More Beethoven followed, an unpublished trio movement, written for ten-year-old Maximiliana Brentano, whose Aunt ‘Tonie’ Brentano may have been the ‘Immortal Beloved’ of the letter discovered after Beethoven’s death. The piece affirmed the composer’s ‘Haydn mentoring’.

The Swiss-American composer Ernest Bloch (1880-1959) is unduly neglected. His brief Three Nocturnes may suggest Debussy, but draws on his Jewish heritage, with outbursts of Klezmer music of the Ashkenazi tradition of Eastern Europe. It would be good to hear Bloch’s magnificent First Piano Quintet (1923) one day. 

After the ‘dry’ Interval, came a single work; Franz Schubert’s Trio in B flat, opus 99, written shortly before his untimely death, unplayed and unpublished for ten years, when it was lauded to the skies by Robert Schumann in his role as a music critic. The scale was symphonic (surely influenced by Beethoven’s Archduke Trio, opus 97). However Schubert’s melodic stream, maintained throughout its four movements, reflected his prowess as a composer of songs, with added structural sinews. In the 1920s the trio was a staple of the Cortot-Thibaut-Casals Trio who recorded it for HMV, truly a ‘Great Recording of the Century’, which ensured its popularity. The second Trio in E flat, opus 100 is less ‘iconic’ but well worth hearing.

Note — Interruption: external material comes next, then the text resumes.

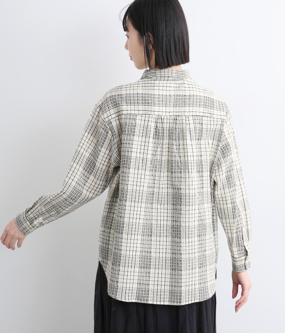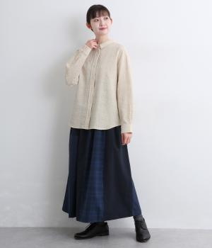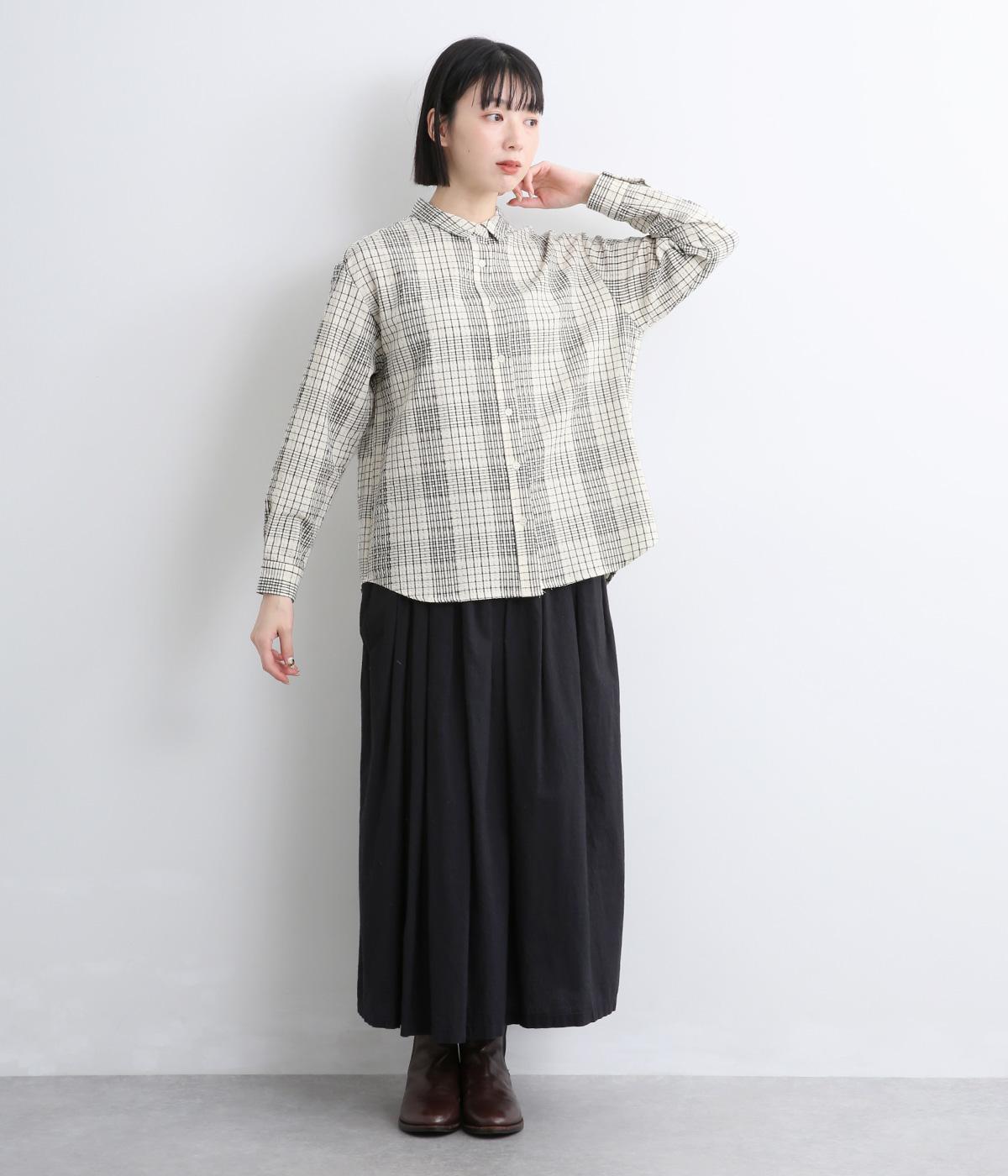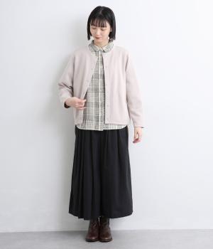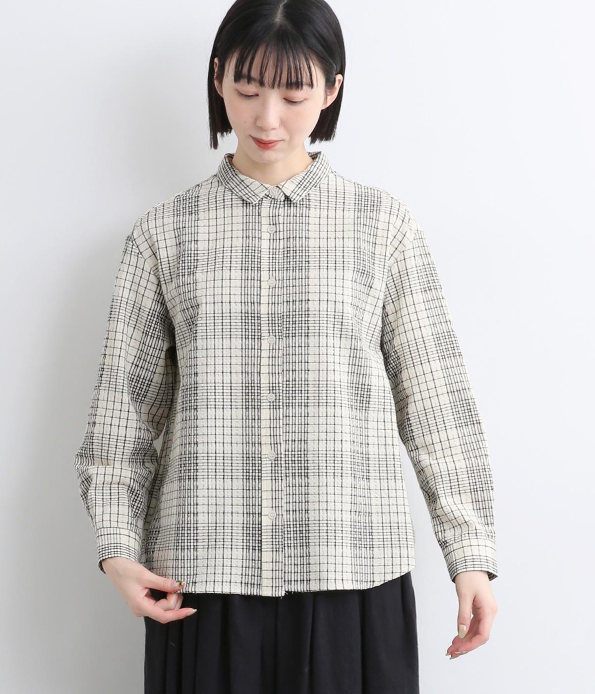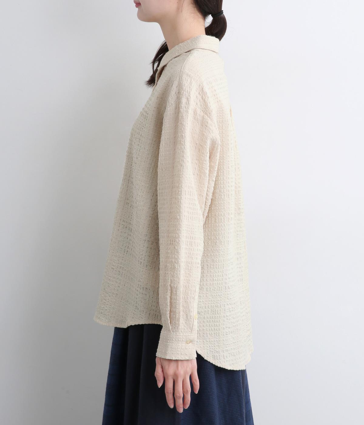 表情のある生地感が、あたたかみのあるやさしい雰囲気を醸すブラウスです。すっきりしたシルエットや小さめの襟でシンプルに仕立てつつ、背中のギャザーや丸みのある裾のラインでリラックス感をプラスしました。

The English Piano Trio vigorously rose to the challenge of the four movements, with the intensity of the strings providing an apt frame for the melodic character, which often appears poised on the edge of tragic overtones, even which nominally in a major key. The determination of the first movement led to an Andante slow movement, almost a lullaby, with the cello in the forefront. The forthright Scherzo emphasized the tonal duality of mood of the central Trio. The Rondo finale had varied interludes between repeats of the overriding theme. One brought pizzicato strings followed by tremolo to intensify the sense of impending tragedy. 

Enthusiastic applause to the Trio’s performance throughout the playing of their comprehensive, contrasted and sometimes challenging programme brought a brief encore, a gentle adieu by Shostakovich. The ‘sections’ of the individual pieces of the programme suggest an overall Rondo structure with the Schubert Trio eliding into a Finale. This was a memorable concert was warmly appreciated by all.